SQS - Failure to restore unacked messages

YahelOpp commented 9 months ago

Versions:

Python 3.10
Kombu 5.3.4
Celery 5.3.6
Boto3 1.33.7

After seeing messages stuck in NotVisible state at our production queues, I've set out to verify the warm shutdown mechanism works properly. My test setup:

Simple task: sleeps for a desired amount of seconds, then retries with a countdown of 10.
Max retries: 3
Single worker, threads pool, concurrency 5

What I see happens:

A task is run
It raises the retry -> putting a new message in the queue
The message is consumed by the same worker directly (message received)
During the countdown period, the message is in NotVisible state
During the countdown period, I shutdown the worker with SIGTERM
The worker successfully starts a Warm shutdown
The worker notes that it is restoring 1 unacked message
The message stays in NotVisible state

Expected behavior: the message should move to Visible state.

A possible explanation I've found: By manually changing the code in kombu/transport/SQS.py at the _put function in the case message.get('redelivered'), adding a duplicate call to change_message_visibility - the problem seemed to go away. I've tested this against real live SQS and against Localstack. In both the problem was consistent and solved once I added the duplicate call.

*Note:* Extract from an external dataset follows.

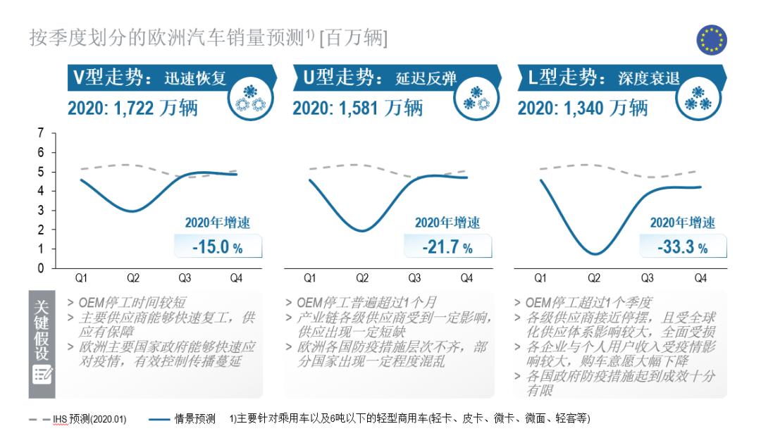 V型迅速恢复:汽车产业链各环节停工时间较短,复工有保障;欧洲各国政府均能够快速应对疫情,有效控制传播。欧洲汽车销量将在第2季度末开始反弹,全年下滑量维持在15%左右。

To sum up, the problem might be on boto3's side and not in kombu, but I'm unsure about this. I will be happy to assist and make a PR / provide a simple testing scenario.

Thanks

YahelOpp commented 9 months ago

The patch I've done that makes it work as expected is:


# Patch a fix for SQS channel
original_put = Transport.Channel._put

def patched_put(self, queue, message, **kwargs):
    original_put(self, queue, message, **kwargs)
    if message.get("redelivered"):
        q_url = self._new_queue(queue)
        c = self.sqs(queue=self.canonical_queue_name(queue))
        c.change_message_visibility(
            QueueUrl=q_url,
            ReceiptHandle=message['properties']['delivery_tag'],
            VisibilityTimeout=0
        )

Transport.Channel._put = patched_put

pbudzon commented 3 months ago

I think this is a similar issue to what we're seeing, but we see that during a cold shutdown. Our scenario is:

run celery with concurrency > 1
run a long(ish) running task
send SIGQUIT to celery while task is running
see Restoring X unacknowledged message(s) warning in the log
the message still shows as in-flight (unavailable, invisible) in the SQS

Relevant settings:

task_reject_on_worker_lost: True
task_acks_late: True
ReceiveMessageWaitTimeSeconds on the queue: 20 seconds

From my investigation it seems to be caused by a race condition that happens because of the long polling and/or multiple workers (concurrency > 1). In CloudTrail I can see that the ChangeMessageVisibility call happens correctly, but there's also another ReceiveMessage call up to 3 seconds later from the same host, which puts the message back into invisible state.

Work-arounds I've found:

Changing concurrency to 1 prevents this from happening - not really a solution for production environments.
Using short polling: polling_interval set to 0 also solves this. But that can have severe cost implications, so it's also not a viable solution.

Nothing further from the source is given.